Ben 43 misure cautelari sono state disposte dalla Procura della Repubblica di Roma a conclusione di una indagine sulla ramificazione nella capitale di una organizzazione risalente alla ‘ndrangheta, versione calabrese della mafia, i cui interessi erano i più vari: dalla pasticceria alla raccolta degli olii esausti; dal mercato ittico alle panetterie e al ritiro delle pelli. Sono solo alcuni dei settori nei quali una “cellula” della ‘ndrangheta si era ramificataa a Roma, e sulla quale ha indagato la Dia capitolina (foto) su delega della Direzione Distrettuale Antimafia di Roma in collaborazione con la Direzione Distrettuale Antimafia di Reggio Calabria.
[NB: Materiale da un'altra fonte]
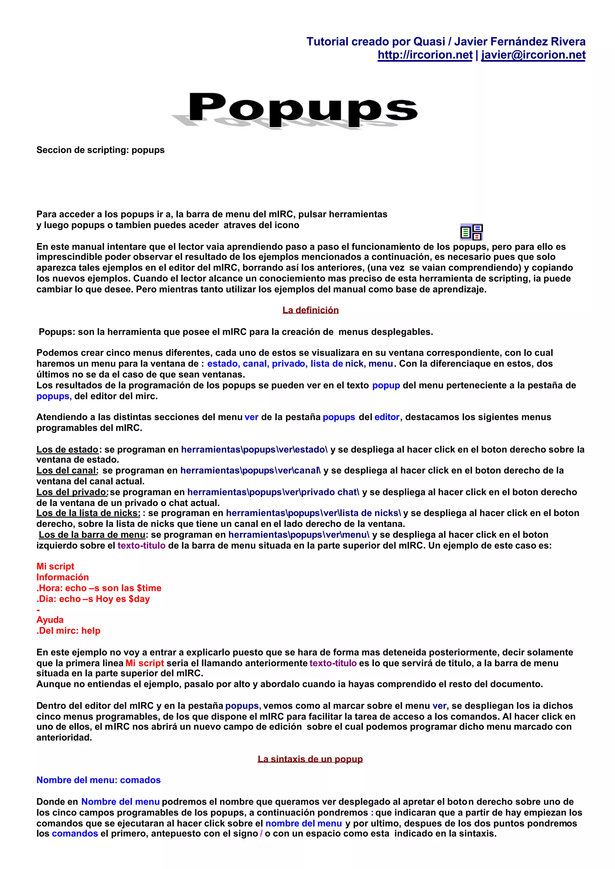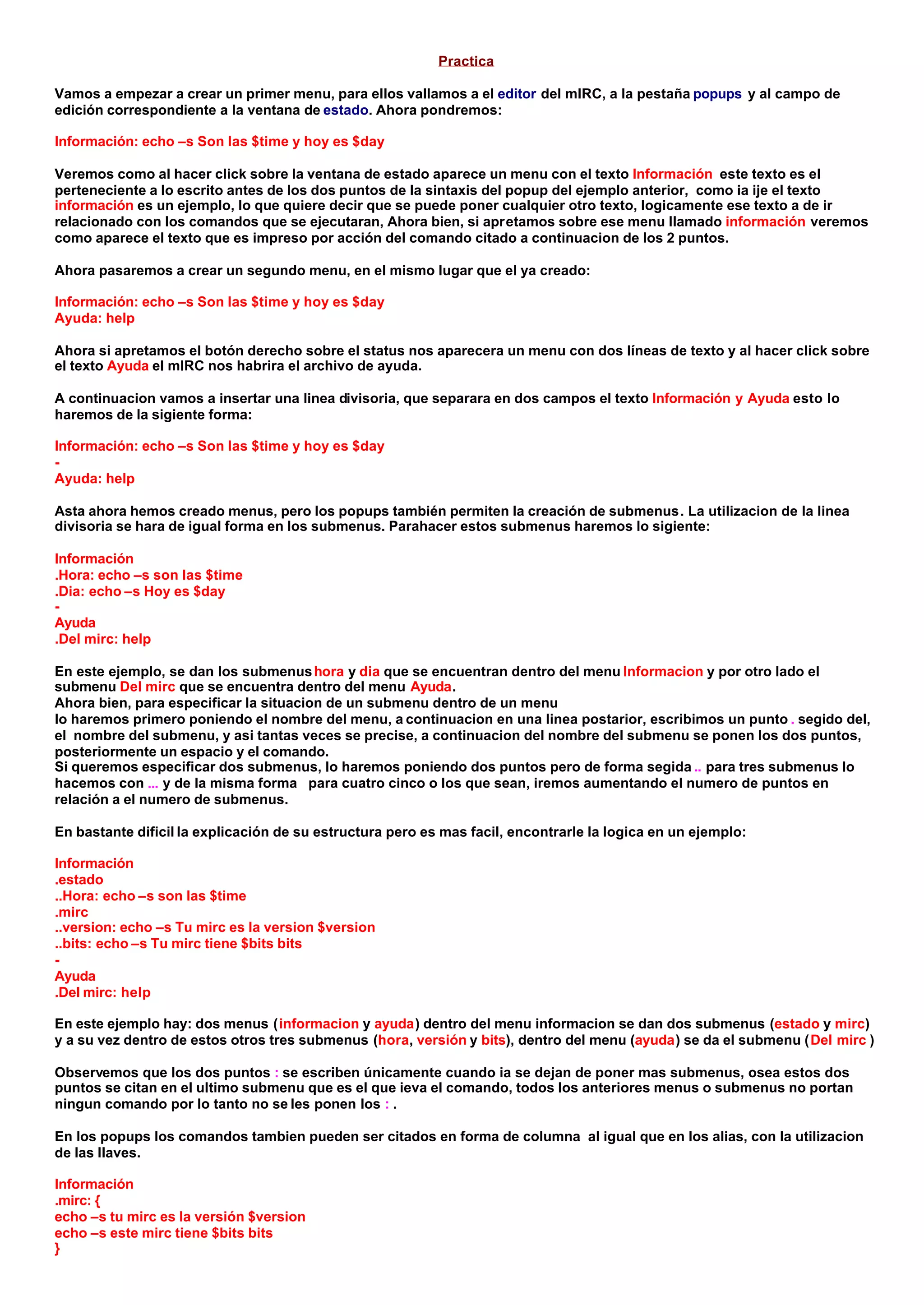 Este documento explica cómo crear menús desplegables o popups en mIRC. Los popups permiten agregar menús contextuales a las ventanas de estado, canales, mensajes privados, lista de usuarios y barra de menú. Se explica la sintaxis básica de un popup, incluida la creación de submenús, y se proporcionan ejemplos prácticos de cómo crear popups simples y más complejos con submenús y alias. El objetivo final es que el lector aprenda a través de la práctica a utilizar esta herramienta de
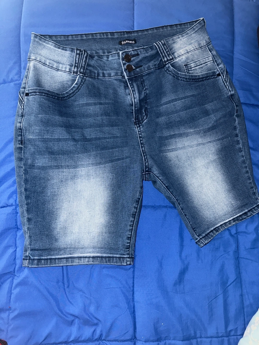 These Flamingo denim shorts come in a classic blue wash. They feature a comfortable fit and a stylish design. Perfect for casual wear!

Alcuni dei 43 indagati devono rispondere di associazione per delinquere di stampo mafioso. Molte le perquisizioni e i sequestri. Le indagini hanno scoperto legami con l’associazione di ‘ndrangheta legata alla cosca Alvaro-Penna di Sinopoli.
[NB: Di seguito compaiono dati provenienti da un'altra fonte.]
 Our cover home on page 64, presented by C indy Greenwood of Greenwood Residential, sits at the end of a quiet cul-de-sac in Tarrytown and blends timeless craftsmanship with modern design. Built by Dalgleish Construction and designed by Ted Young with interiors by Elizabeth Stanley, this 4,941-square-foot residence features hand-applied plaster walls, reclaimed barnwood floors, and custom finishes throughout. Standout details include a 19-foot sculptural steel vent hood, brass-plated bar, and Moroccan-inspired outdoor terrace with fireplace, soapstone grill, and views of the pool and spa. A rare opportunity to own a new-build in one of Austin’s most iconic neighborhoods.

A capo della struttura c’erano – secondo gli investigatori – Antonio Carzo e Vincenzo Alvaro, entrambi appartenenti a storiche famiglie di ‘ndrangheta originarie di Casoleto, in provincia di Reggio Calabria.
Dalle indagini è emerso che fino al 2015 a Roma non c’era la “cellula” della ‘ndrangheta, ma operavano vari soggetti legati ad altre famiglie. La svolta sarebbe avvenuta durante l’estate quando Antonio Carzo avrebbe ricevuto, dall’organo collegiale al vertice dell’organizzazione unitaria, “la Provincia e Crimine”, l’autorizzazione per costituire una struttura locale che doveva operare nel cuore di Roma secondo le tradizioni di ‘ndrangheta, cioè riti, linguaggi, tipologia di reati tipici della terra d’origine.
Da quel momento la “cellula” romana si è infiltrata in gran parte dei settori economici della capitale che comprendono anche locali, bar, ristoranti, supermercati e nel riciclaggio di ingenti somme di denaro. Tra le accuse anche cessione e detenzione di droga, estorsione e fittizia intestazione di beni.
Altro aspetto di questo sodalizio tra la cosca Alvaro-Penna e la “cellula” romana erano gli incontri “estremamente riservati”. I capi si incontravano di persona raramente e solo in occasione di eventi particolari, come matrimoni o funerali. Incontri brevi ma, stando alle indagini, risolutivi. In caso di estrema urgenza, i boss gli appuntamenti venivano concordati attraverso “messaggeri”.
Nel filone calabrese il sindaco di Cosoleto, Comune di Reggio Calabria, Antonino Gioffrè è stato arrestato. Gioffré è accusato di scambio elettorale politico-mafioso. In sostanza avrebbe favorito l’assunzione di un altro soggetto indagato Il suo nome compare nell’elenco dei 34 soggetti raggiunti da un’ordinanza di custodia emessa dal gip su richiesta della DDA reggina. L’indagine è collegata a quella della DDA di Roma. 29 persone sono finite in carcere e 5 ai domiciliari.